• **The problem**
Print word for word the first line of the listing below and every line after it, through the line with "VEGETARIAN PizzaTOMATO SAUCE, MOZZARELLA". Leave out the pictures and the rest.

Given data Block Start

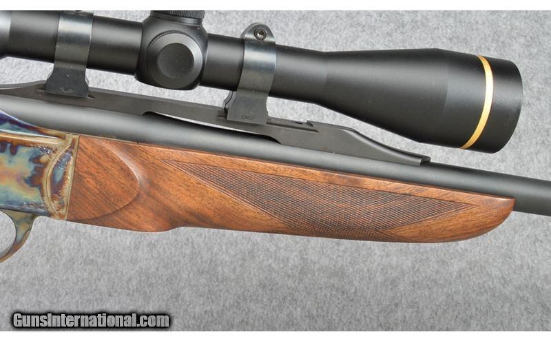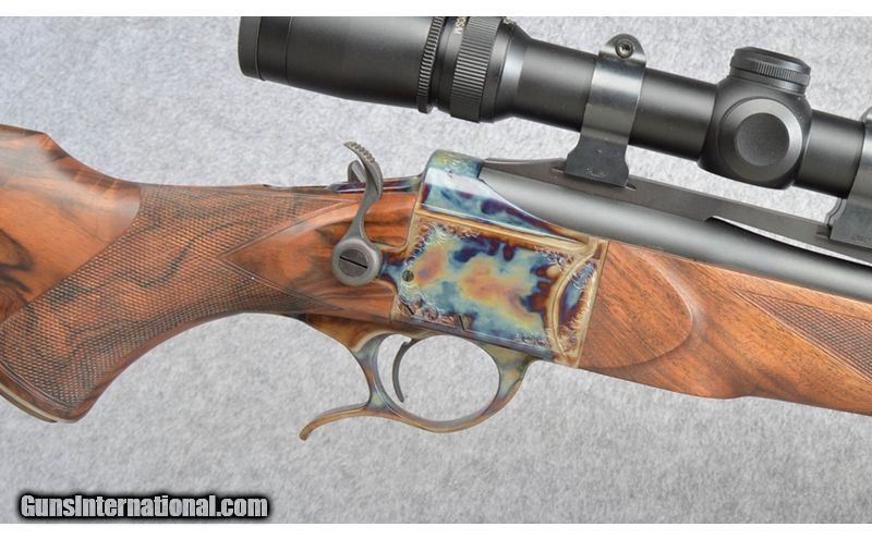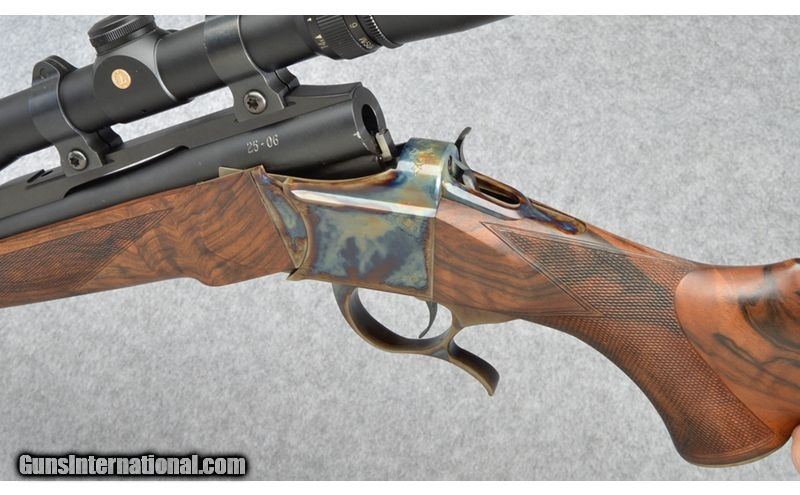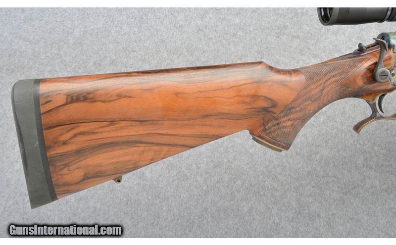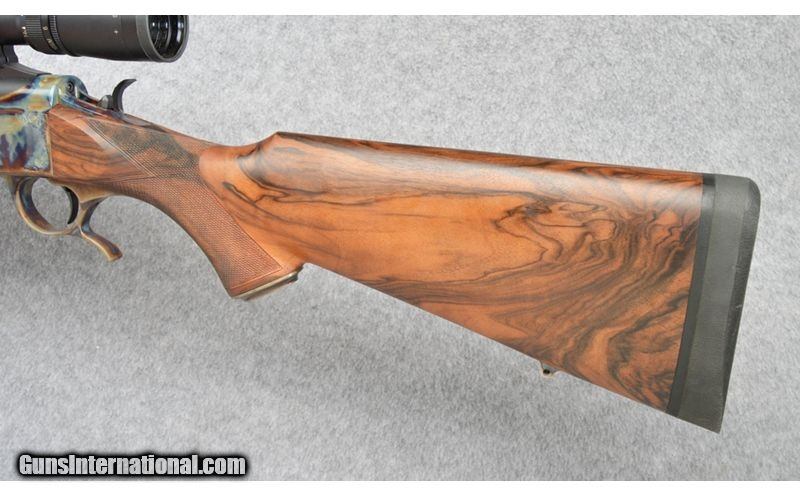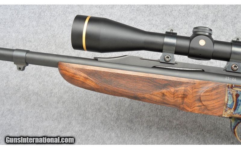 Description: Luxus Arms Model 11 chambered in 25-06 Remington. Single shot sporting rifle features a trigger guard activated break action design with side-mounted hammer cocking lever. Case-hardened receiver and furniture with leaf and vine border engraving, 26 Inch tapered barrel in satin blue finish. Finely checkered capped pistol grip stock of high grade walnut. .25-06 Remington SOLD Metal Condition: Excellent Wood Condition: Excellent Bore Condition: Bright Sharp Barrels: 26 " Tapered Fore End: Checkered Walnut Butt Pad: Pachmayr Weight: 8 lb. 1 oz. Sights: Leupold VX-III 4.5-14x40mm Item Location: Buda, TX |
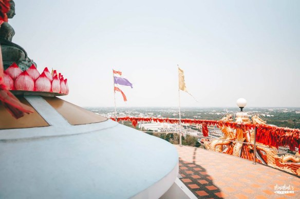 ชั้นบนสุด ให้เรานำผ้าแดงที่เขียนชื่อเรา และครอบครัว อธิษฐานขอพรและนำมาผูกไว้ตรงระเบียง เพื่อความเป็นสิริมงคล
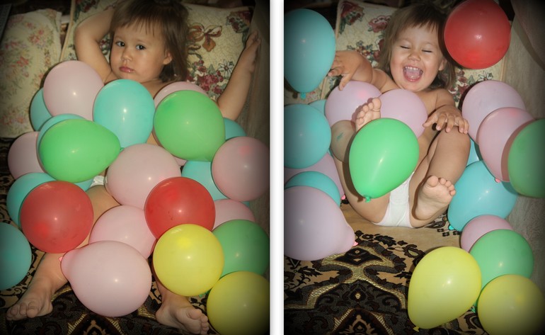 Утром Злату ждал сюрприз в виде много много надутых маленьких шаров
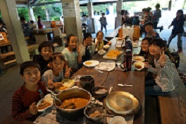 いよいよ飯ごう炊飯が始まりました。美味しいカレーを作るために、それぞれの係に分かれ、協力し合っている姿が印象的でした。
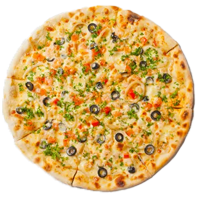 VEGETARIAN PizzaTOMATO SAUCE, MOZZARELLA CHEESE, GREEN PEPPERS, ONIONS, MUSHROOM,OLIVES, TOMATOES |
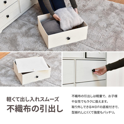 素材:【天板/側板/底板】パーティクルボードにメラミン貼り 【引き出し前板】中質繊維板にメラミン貼り 【フレーム】スチールパイプ(粉体塗装)【引出し】ポリエステル不織布(芯材)MDF、紙【取っ手】アルミニウム合金
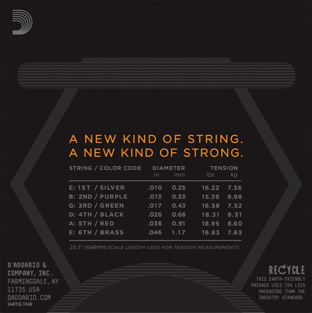 Dette er det sterkeste sett med el.gitarstrenger D'Addario noensinne har produsert. Mere holdbart enn alle sine forgjengere, setter seg raskere når du strenger om, holder stemmingen bedre, spunnede strenger som har mere output og plain strenger som er mindre platte (lydmessig) og mere livlige. Resultatet er noe du aldri har opplevd tidligere, uovertruffen holdbarhet og stemmingsstabilitet. PLAY LOUD, PLAY STRONG, PLAY FEARLESSLY!

Given data Block End

• **Solution**
 Description: Luxus Arms Model 11 chambered in 25-06 Remington. Single shot sporting rifle features a trigger guard activated break action design with side-mounted hammer cocking lever. Case-hardened receiver and furniture with leaf and vine border engraving, 26 Inch tapered barrel in satin blue finish. Finely checkered capped pistol grip stock of high grade walnut. .25-06 Remington SOLD Metal Condition: Excellent Wood Condition: Excellent Bore Condition: Bright Sharp Barrels: 26 " Tapered Fore End: Checkered Walnut Butt Pad: Pachmayr Weight: 8 lb. 1 oz. Sights: Leupold VX-III 4.5-14x40mm Item Location: Buda, TX |
 ชั้นบนสุด ให้เรานำผ้าแดงที่เขียนชื่อเรา และครอบครัว อธิษฐานขอพรและนำมาผูกไว้ตรงระเบียง เพื่อความเป็นสิริมงคล
 Утром Злату ждал сюрприз в виде много много надутых маленьких шаров
 いよいよ飯ごう炊飯が始まりました。美味しいカレーを作るために、それぞれの係に分かれ、協力し合っている姿が印象的でした。
 VEGETARIAN PizzaTOMATO SAUCE, MOZZARELLA CHEESE, GREEN PEPPERS, ONIONS, MUSHROOM,OLIVES, TOMATOES |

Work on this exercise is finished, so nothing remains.